Harvesting Green Hydrogen from the Deep Blue: Seawater‐Compatible SnSe‐P Decorated Graphene‐CNTs Based Electrocatalyst Under Universal pH

Abstract Fabrication of cost‐effective and robust metal‐based electrocatalysts for hydrogen evolution reactions (HER) across the entire pH range has garnered significant attention in harvesting renewable energy. Herein, the fabrication of 3D high‐surface Ni Foam‐Graphene‐Carbon Nanotubes (NGC) decorated with phosphorous‐inserted tin selenide (SnSe‐P) showcases unprecedented HER activity with minimal overpotentials across all pH ranges (52 mV in acidic, 93 mV in basic, and 198 mV in neutral conditions@10 mA cm −2 ) and stability at 1 A cm −2 for 72 h.

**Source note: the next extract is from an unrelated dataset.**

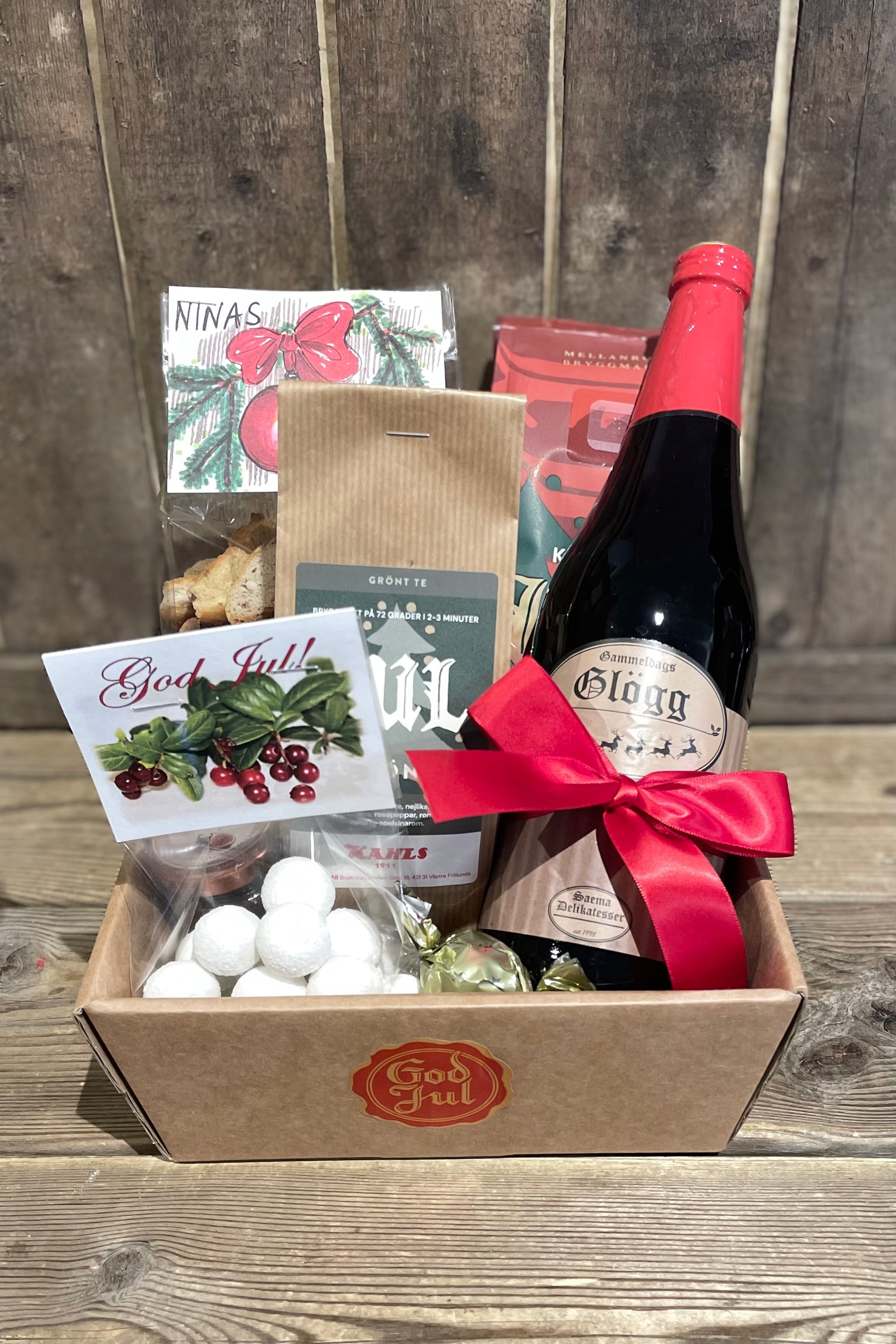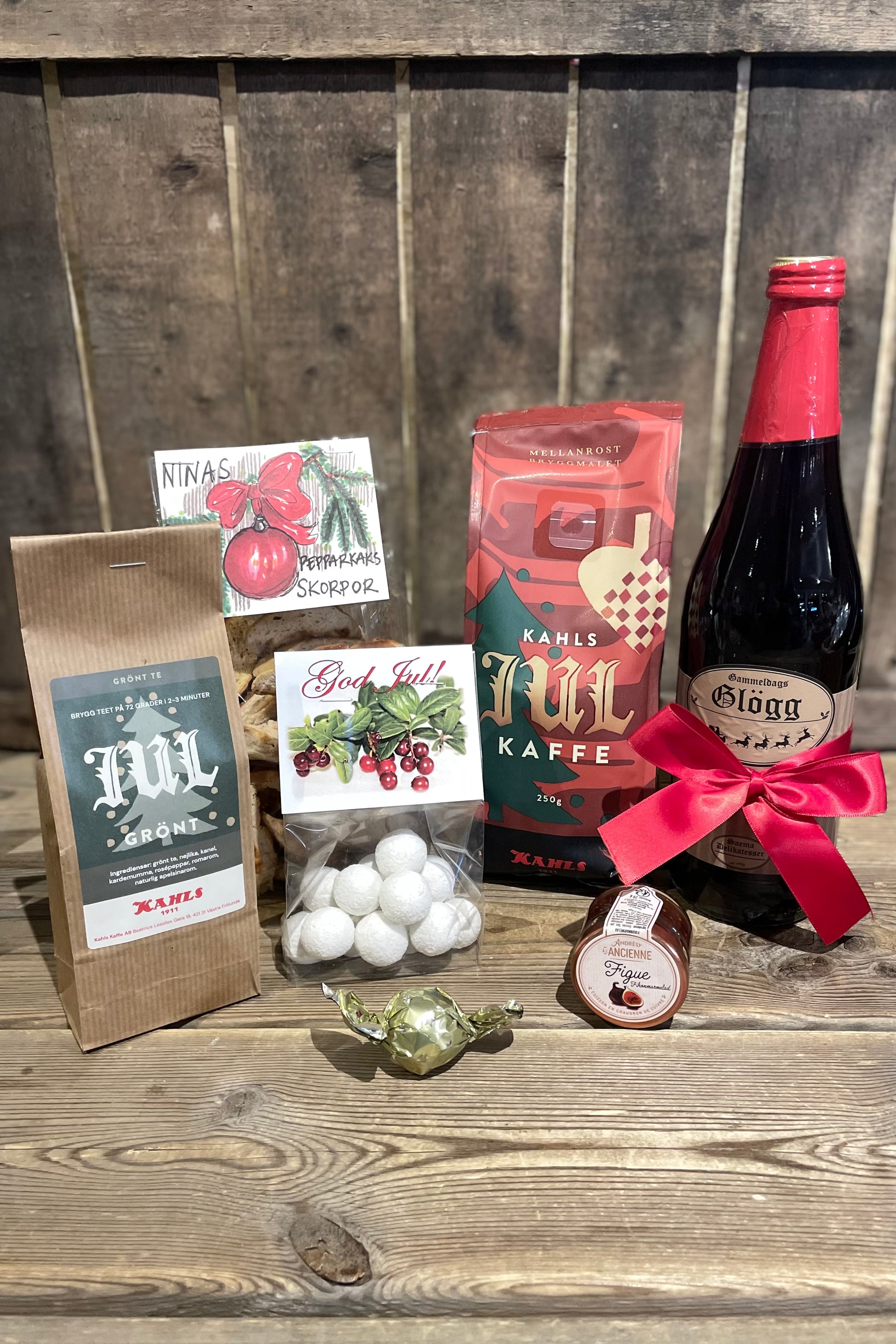 Julgrupp innehållande pepparkaksskorpor, julkaffe, julte, gammeldags glögg, fikonmarmelad, snöbollar med marsipan/nougat och chokladpralin.

The as‐designed catalyst shows a low overpotential of 122 mV@10 mA cm −2 in alkaline seawater, achieved through controlled electronic distribution on Sn site after incorporation of P in NGC‐SnSe‐P. A stable cell voltage of 1.56 V@10 mA cm⁻ 2 is achieved for prolonged time in 1 m KOH toward overall water electrolysis. Experimental and theoretical investigation reveals that the insertion of P in layered SnSe enables s orbitals of H * and p orbitals of Sn to interact, favoring the adsorption of the H * intermediate. A renewable approach is adopted by using silicon solar cells (η = 10.66%) to power up the electrolyzer, yielding a solar‐to‐hydrogen (STH) conversion efficiency of 7.70% in 1 m KOH and 5.65% in alkaline seawater, aiming toward green hydrogen production.